Take-Two CEO open to buying more studios
"This company is in growth mode," Strauss Zelnick says. He also praised Microsoft for unbundling Kinect
The publisher has just shy of $1 billion in cash on hand - even after spending $227 million last year to repurchase shares. And it's trying to decide what to do with it - and CEO Strauss Zelnick says he see three options.
"We have the opportunity to support organic growth with our balance sheet," he says. "We also have the ability to do inorganic growth. And we have the opportunity to return money to our shareholders."
Traditionally, Take-Two has kept that focus on organic growth, building up its own studios from within, rather than purchasing existing development houses. But Zelnick says he's not ruling anything out in the current video game environment.
"If there's an opportunity to grow inorganically with a company that's consistent with our disciplined approach, then we would absolutely do so," he says. "There's no question this company is in growth mode."
A good bit of that growth is coming from the digital side of the business. Digital revenue increased 65 percent in fiscal 2014, compared to the previous year, to a record $435.1 million.
"our primary business is making large-scale, immersive titles - and when tablets give the opportunity for big titles to be played on them, I think you're going to see our titles there"
That growth is keeping investors happy, but Zelnick says there are no plans to decrease the company's emphasis on traditional retail sales.
"We're very excited about what digital distribution allows us to do," he says. "Among other things, it has allowed us to build this significant recurring revenue model. But typical retail is still (up to) 80 percent of the market. ... Our view is bring consumers the best products on whatever devices they have and otherwise be flexible about the channels used to get it to them."
While the digital focus at Take-Two is largely on DLC, the company has also been increasing its attention to the mobile gaming world of late, with last year's highlights including Grand Theft Auto: San Andreas, XCOM: Enemy Unknown and NBA 2K14.
Mobile is a relatively new focus for the publisher and Zelnick says he's not opposed to moving deeper into it, but still seems to believe phone screen sizes are too small to showcase the company's AAA games - and tablets could use a bit more horsepower.
As such, don't expect to see the company launching a lot of original spin offs of its core franchises on mobile devices in the immediate future.
"I wouldn't rule it out," he adds. "[However,] our primary business is making large-scale, immersive titles - and when tablets give the opportunity for big titles to be played on them, I think you're going to see our titles there. Might we make standalone titles tailored especially for lighter applications? Sure, but only if it's really an immersive experience."

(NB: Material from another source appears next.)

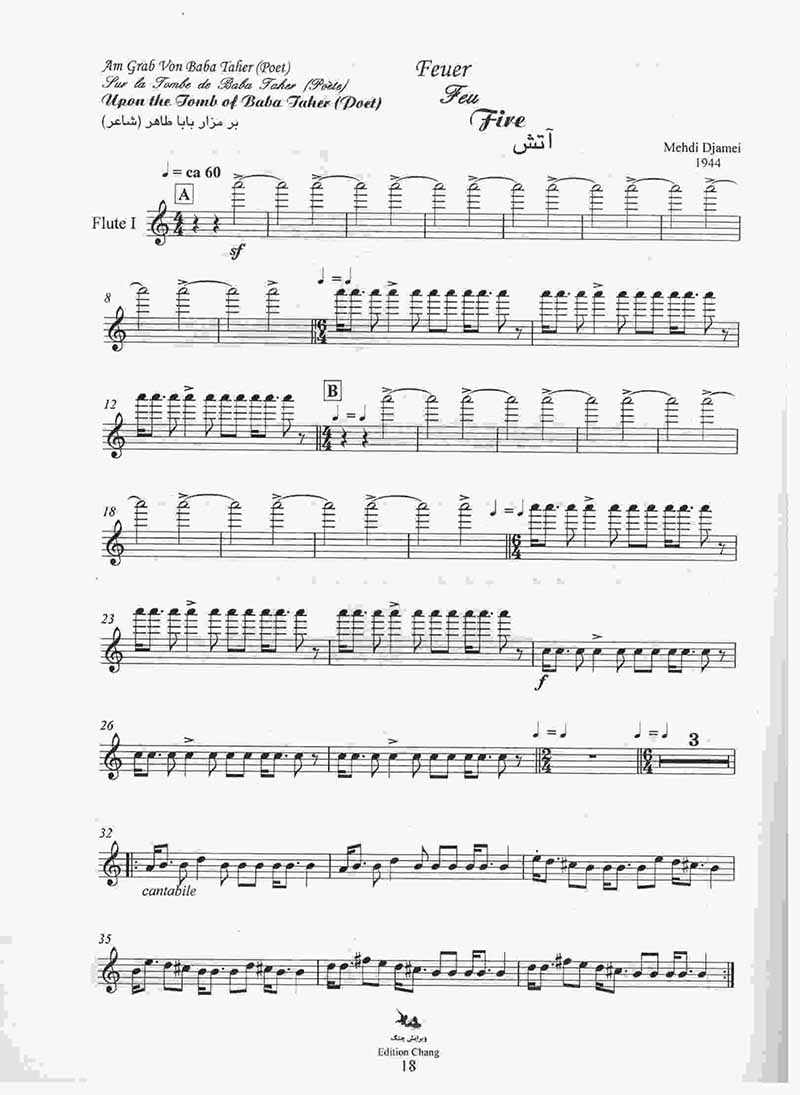 کتاب آتش برای چهار فلوت و سپرانو واحد تحقیق و پژوهش موسیقی انتشارات چنگ یه نویسندگی مهدی جامعی

That said, he's happy with the state of the console market these days - and applauds Microsoft for its decision to offer a lower-priced Xbox One model without Kinect.
"Anything that increases the installed base is a good thing for Take-Two and other publishers," he says. "We're happy with the way Xbox One has performed. The next generation launch of both platforms has been successful from our point of view."
Zelnick is taking a more cautious approach, though, when it comes to the next big hardware release in gaming - virtual reality. While he notes his developers have had good things to say about the Oculus Rift, it's too early for the company to commit to the platform, in large part because the headset has yet to hit retail.
(That's not the only reason, of course. Take-Two tends to be more conservative than, say, Ubisoft when it comes to new platforms.)
"Our folks who [tried] the Oculus Rift were very excited by it so I'm sure there's a business opportunity there," he says. "But it's too early right now."
As for Nintendo? Well, it's still an "important business partner," says Zelnick, but "we haven't talked much about it and have nothing announced at the moment."
"We haven't talked about what's going to happen to the [BioShock] franchise, but it's beloved... Today, the franchise is in hands of 2K. More to come in the future"
Take-Two may be growing, but it's also something of a hard read for analysts. It plays its cards close to the chest, rarely giving much visibility to its release schedule - and personifying the "when it's done" development mantra in an age where annual releases are becoming the norm.
Indeed, the state of some of the studio's best known franchises is a mystery. For example, Rockstar will release a next generation title sometime in the next year - and while most expect that to be a port of Grand Theft Auto V, Take-Two refuses to confirm that. (Meanwhile, there's no intel on whether new games are coming in the Bully or Red Dead Redemption franchises.)
Even BioShock is a mystery, after Ken Levine's announcement that Irrational Studios would retool and become a small team with a flat structure. Zelnick didn't offer a lot of clues.
"We haven't talked about what's going to happen to the franchise, but it's beloved," he says. "BioShock has sold over 5 million units. Today, the franchise is in hands of 2K. More to come in the future."
Some have questioned the company's seemingly slow pace of development, especially on titles that don't knock it out of the park. Zelnick shrugs off that criticism, though, saying the focus at Take-Two has always been on the highest quality product, regardless of how long it takes.
And, he adds, deadlines at the company are hardly as loose as some may think.
"I wouldn't arrive at the conclusion that we're not deadline oriented," he says. "I haven't been accused lately of having a soft touch."
Correction: An earlier version of this story said that Ken Levine's new studio would keep the Irrational name. Take-Two has contacted us to say that's not true.